DIRECTIONS
The task calls for the lines below from the line with "- Veľkou prednosťou" to the line with "2021下册六年级英语PEP版 Recycle—Day 5", both ends included, copied exactly, without any pictures.

PROVIDED MATERIAL
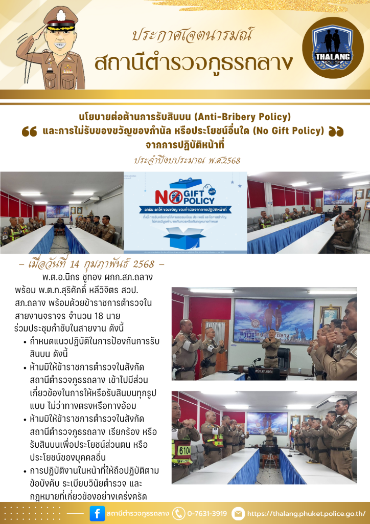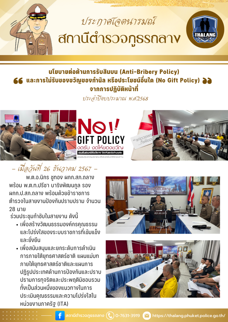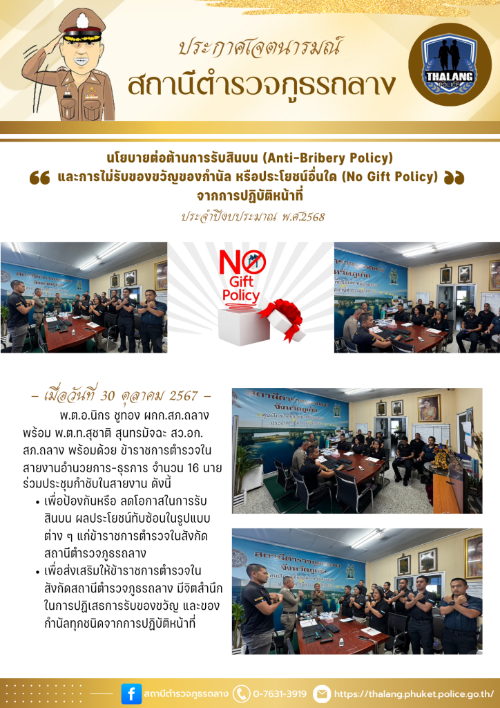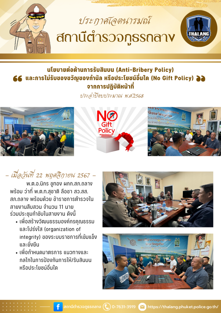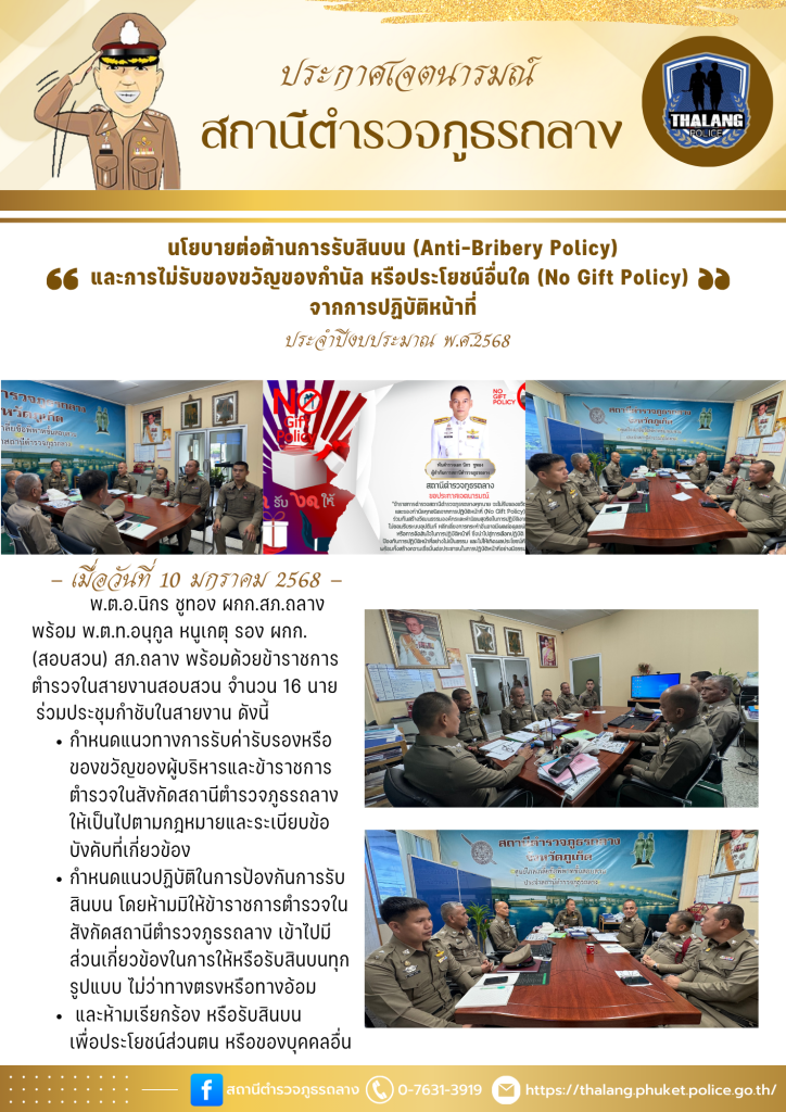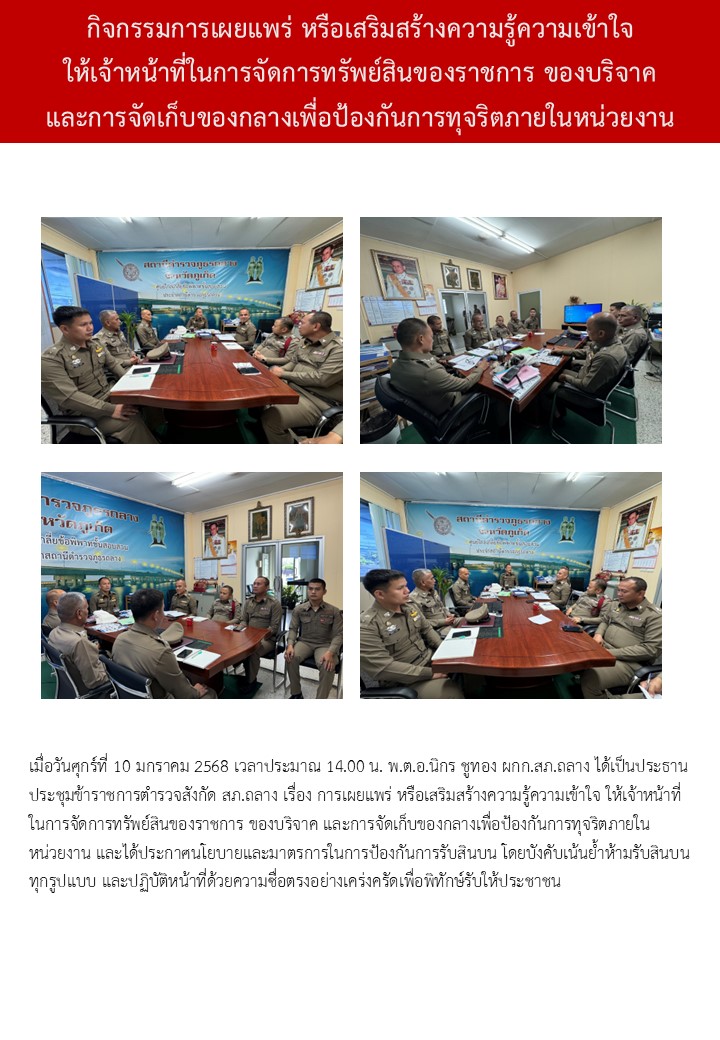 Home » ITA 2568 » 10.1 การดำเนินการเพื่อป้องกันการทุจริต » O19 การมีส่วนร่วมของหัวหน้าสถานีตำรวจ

* * *

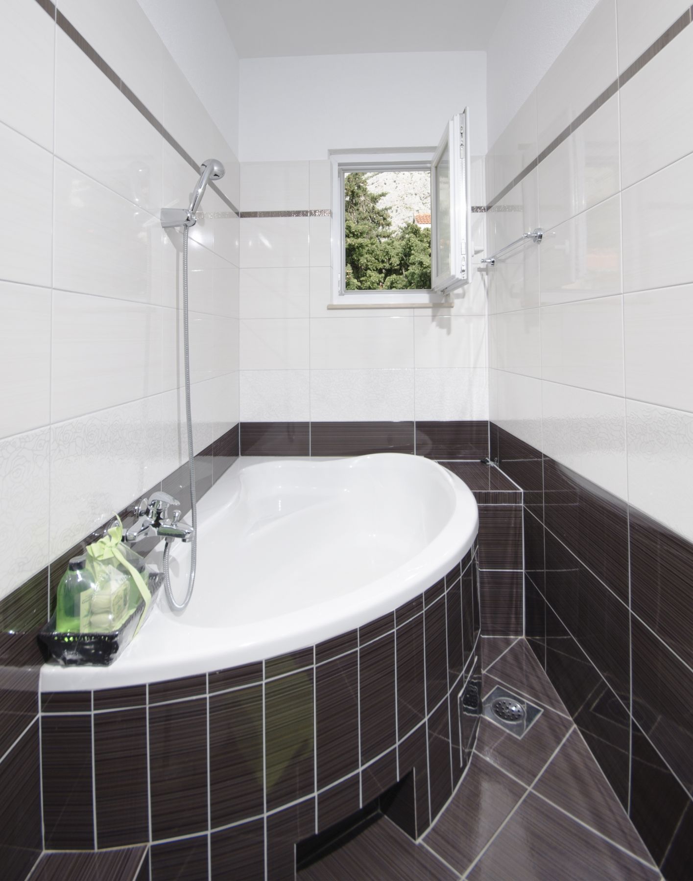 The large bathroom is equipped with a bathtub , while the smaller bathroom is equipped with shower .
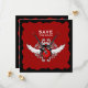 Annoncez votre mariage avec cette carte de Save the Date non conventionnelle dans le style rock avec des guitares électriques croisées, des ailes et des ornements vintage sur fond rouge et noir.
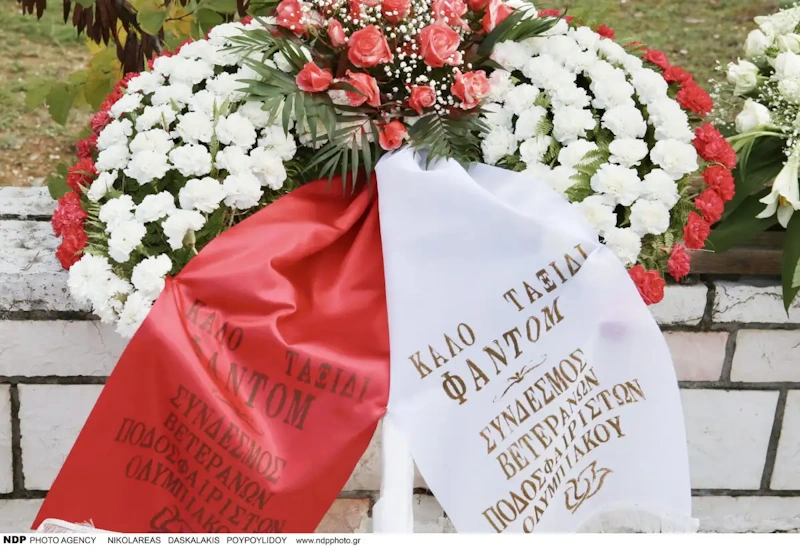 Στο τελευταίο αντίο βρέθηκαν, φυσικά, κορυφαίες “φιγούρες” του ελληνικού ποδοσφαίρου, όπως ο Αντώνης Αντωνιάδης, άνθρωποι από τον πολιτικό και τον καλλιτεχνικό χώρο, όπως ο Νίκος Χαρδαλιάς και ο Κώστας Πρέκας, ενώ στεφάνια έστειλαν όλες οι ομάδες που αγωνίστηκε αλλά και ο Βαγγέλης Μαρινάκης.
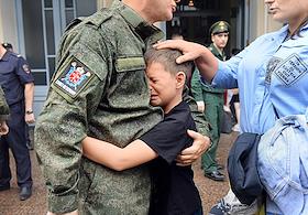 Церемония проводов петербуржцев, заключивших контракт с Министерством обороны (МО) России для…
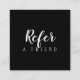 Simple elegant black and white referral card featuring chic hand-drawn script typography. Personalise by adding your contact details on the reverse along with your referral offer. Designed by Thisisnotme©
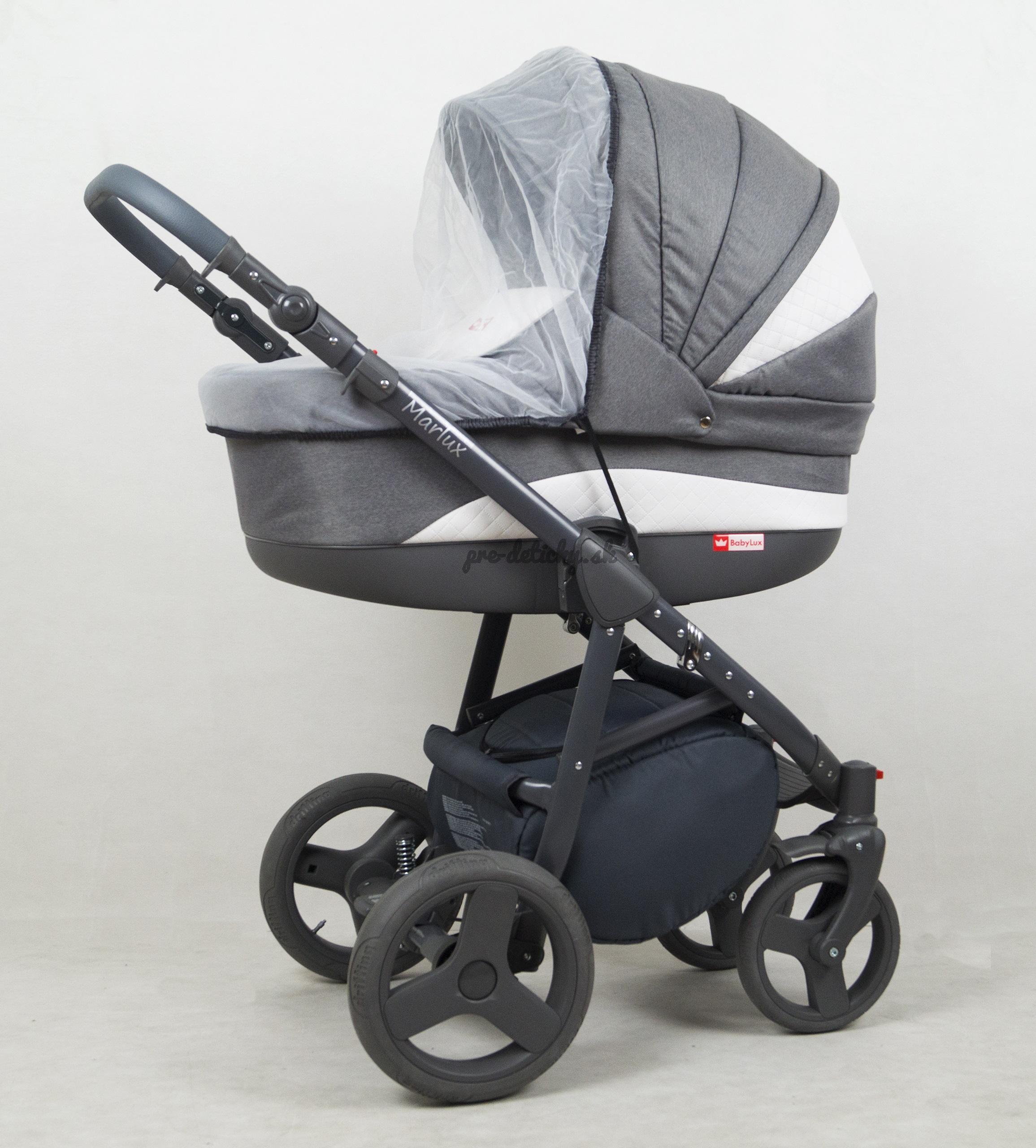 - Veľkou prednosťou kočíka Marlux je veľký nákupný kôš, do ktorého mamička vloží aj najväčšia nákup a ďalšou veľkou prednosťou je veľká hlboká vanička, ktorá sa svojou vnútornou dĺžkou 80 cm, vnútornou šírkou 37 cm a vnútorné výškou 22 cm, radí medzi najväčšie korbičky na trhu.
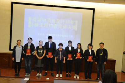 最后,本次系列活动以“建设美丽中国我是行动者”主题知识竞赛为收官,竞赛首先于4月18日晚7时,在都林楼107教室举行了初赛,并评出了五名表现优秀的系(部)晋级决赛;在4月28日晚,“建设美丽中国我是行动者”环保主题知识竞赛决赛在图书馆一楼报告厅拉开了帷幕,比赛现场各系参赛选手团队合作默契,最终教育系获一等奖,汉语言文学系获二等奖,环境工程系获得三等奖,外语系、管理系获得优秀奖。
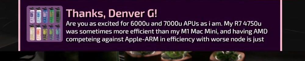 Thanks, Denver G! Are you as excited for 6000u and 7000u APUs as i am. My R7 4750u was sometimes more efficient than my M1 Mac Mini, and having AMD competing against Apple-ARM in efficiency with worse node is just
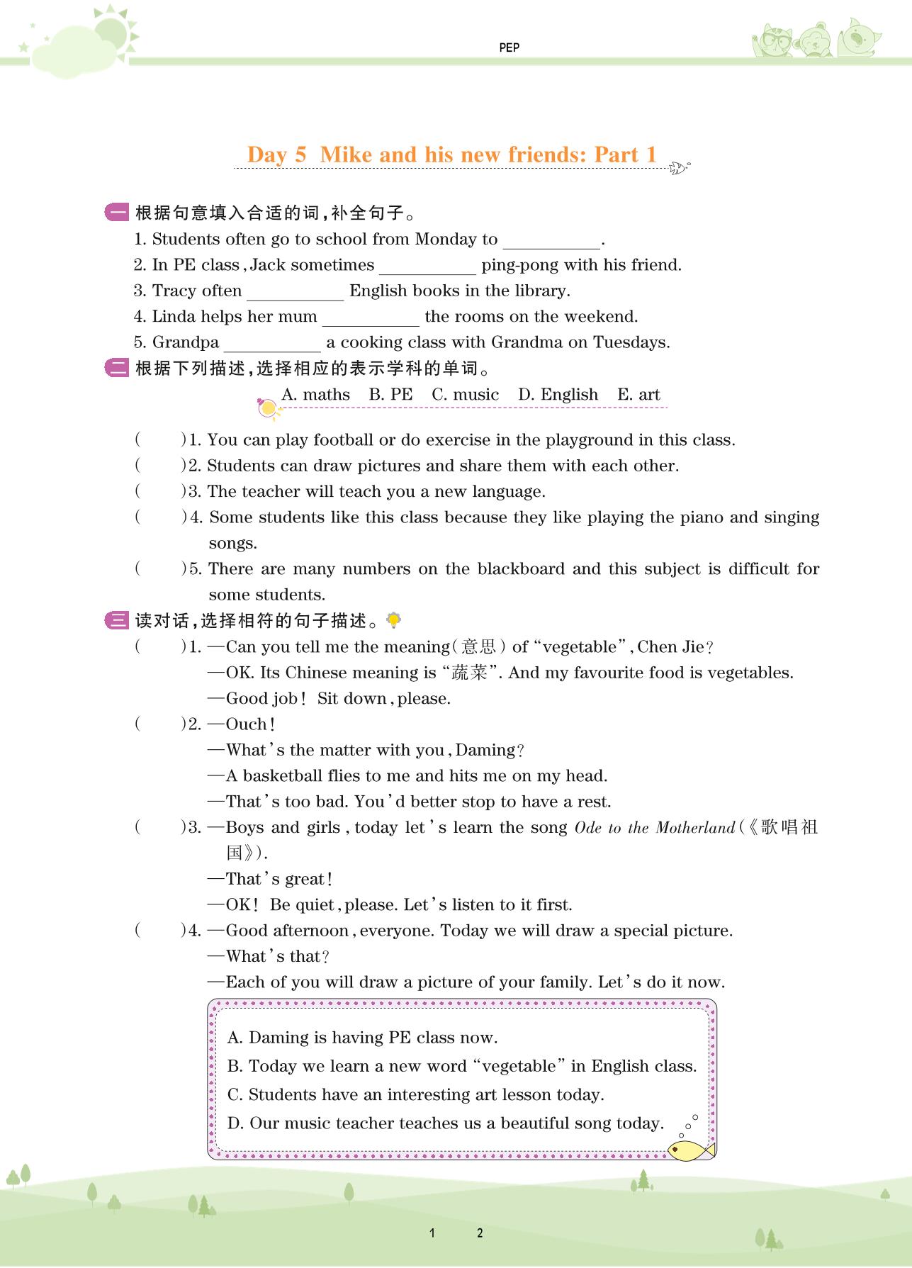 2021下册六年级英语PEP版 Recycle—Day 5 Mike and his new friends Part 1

TASK SOLUTION
 - Veľkou prednosťou kočíka Marlux je veľký nákupný kôš, do ktorého mamička vloží aj najväčšia nákup a ďalšou veľkou prednosťou je veľká hlboká vanička, ktorá sa svojou vnútornou dĺžkou 80 cm, vnútornou šírkou 37 cm a vnútorné výškou 22 cm, radí medzi najväčšie korbičky na trhu.
 最后,本次系列活动以“建设美丽中国我是行动者”主题知识竞赛为收官,竞赛首先于4月18日晚7时,在都林楼107教室举行了初赛,并评出了五名表现优秀的系(部)晋级决赛;在4月28日晚,“建设美丽中国我是行动者”环保主题知识竞赛决赛在图书馆一楼报告厅拉开了帷幕,比赛现场各系参赛选手团队合作默契,最终教育系获一等奖,汉语言文学系获二等奖,环境工程系获得三等奖,外语系、管理系获得优秀奖。
 Thanks, Denver G! Are you as excited for 6000u and 7000u APUs as i am. My R7 4750u was sometimes more efficient than my M1 Mac Mini, and having AMD competing against Apple-ARM in efficiency with worse node is just
 2021下册六年级英语PEP版 Recycle—Day 5 Mike and his new friends Part 1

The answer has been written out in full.